Once you reach the line that holds "код 88059Угловая кухонная" in the listing below, output it and every line after it through the line that holds "Stylish tan bucket", word for word.

GIVEN DATA
=== Section Start ===

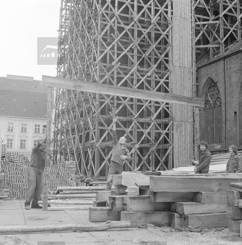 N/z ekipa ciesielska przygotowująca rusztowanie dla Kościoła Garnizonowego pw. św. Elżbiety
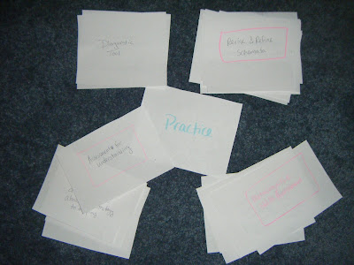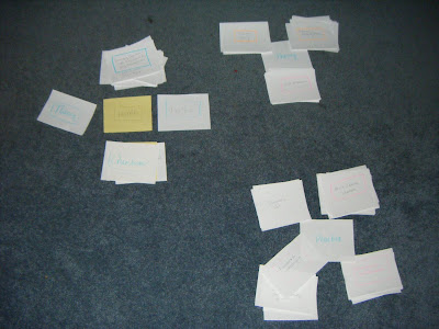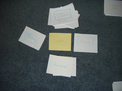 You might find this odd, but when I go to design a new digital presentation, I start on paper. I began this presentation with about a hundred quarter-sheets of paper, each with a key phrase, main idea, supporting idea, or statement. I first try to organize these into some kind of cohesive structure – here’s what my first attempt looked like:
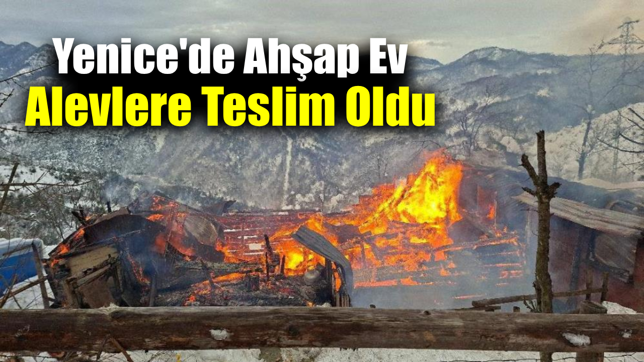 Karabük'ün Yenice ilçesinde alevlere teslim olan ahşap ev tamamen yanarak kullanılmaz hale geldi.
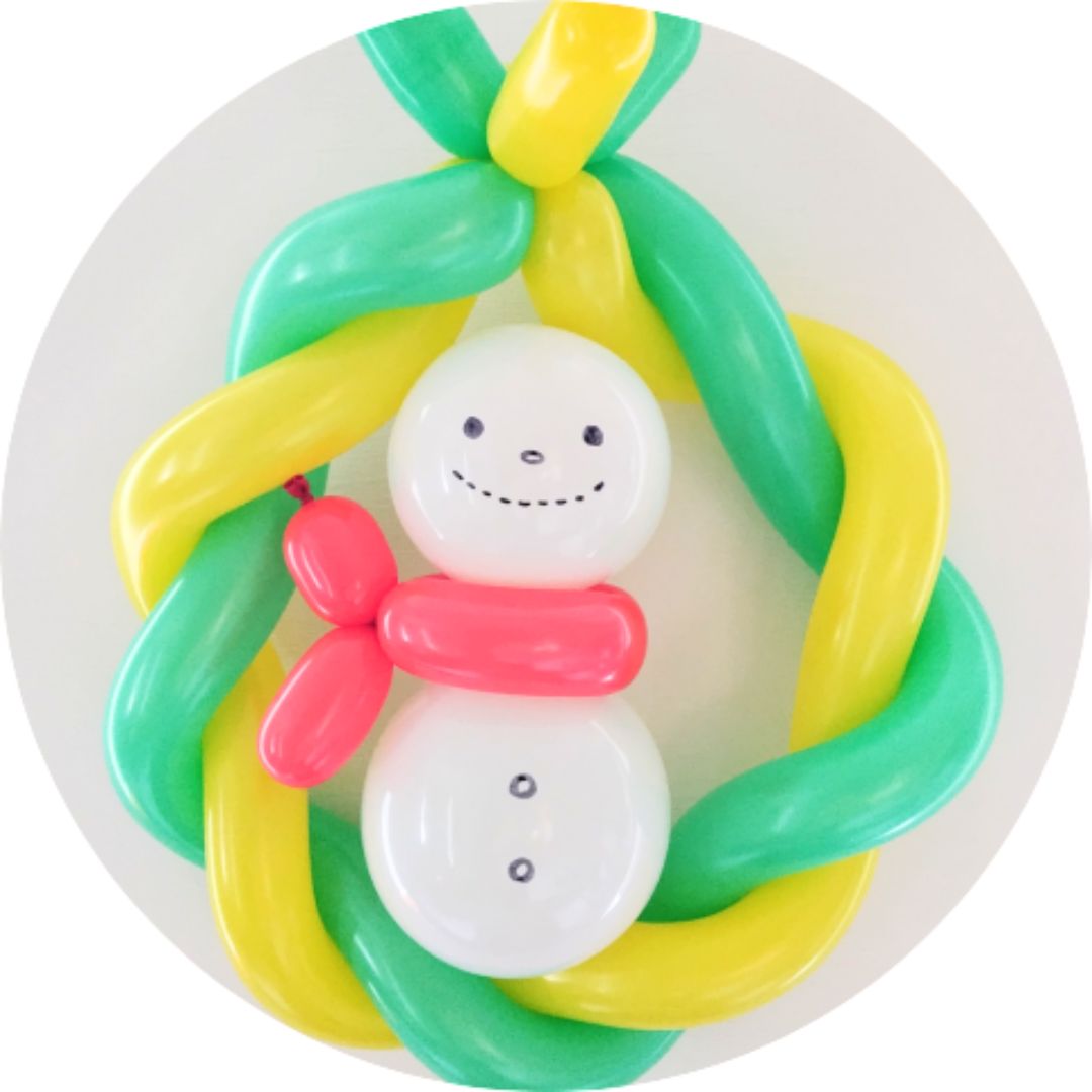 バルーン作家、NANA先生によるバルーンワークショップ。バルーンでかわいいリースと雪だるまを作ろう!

=== Section End ===
=== Section Start ===

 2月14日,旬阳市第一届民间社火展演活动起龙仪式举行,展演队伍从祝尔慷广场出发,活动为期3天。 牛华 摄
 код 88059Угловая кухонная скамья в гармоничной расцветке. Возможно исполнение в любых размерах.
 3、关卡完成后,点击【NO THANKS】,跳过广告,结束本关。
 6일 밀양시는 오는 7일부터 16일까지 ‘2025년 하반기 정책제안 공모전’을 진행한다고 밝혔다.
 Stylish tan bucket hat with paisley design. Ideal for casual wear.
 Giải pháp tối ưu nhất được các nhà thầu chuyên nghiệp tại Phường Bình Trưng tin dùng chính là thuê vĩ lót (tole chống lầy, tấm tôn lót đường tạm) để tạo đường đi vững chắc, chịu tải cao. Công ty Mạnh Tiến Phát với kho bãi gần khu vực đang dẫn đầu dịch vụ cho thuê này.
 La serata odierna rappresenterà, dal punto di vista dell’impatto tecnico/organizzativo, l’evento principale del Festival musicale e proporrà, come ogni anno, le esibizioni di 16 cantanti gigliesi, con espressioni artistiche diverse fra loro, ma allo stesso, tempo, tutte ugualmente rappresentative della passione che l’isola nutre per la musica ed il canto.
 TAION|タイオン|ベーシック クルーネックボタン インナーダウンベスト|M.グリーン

=== Section End ===

RESPONSE TO THIS EXERCISE
 код 88059Угловая кухонная скамья в гармоничной расцветке. Возможно исполнение в любых размерах.
 3、关卡完成后,点击【NO THANKS】,跳过广告,结束本关。
 6일 밀양시는 오는 7일부터 16일까지 ‘2025년 하반기 정책제안 공모전’을 진행한다고 밝혔다.
 Stylish tan bucket hat with paisley design. Ideal for casual wear.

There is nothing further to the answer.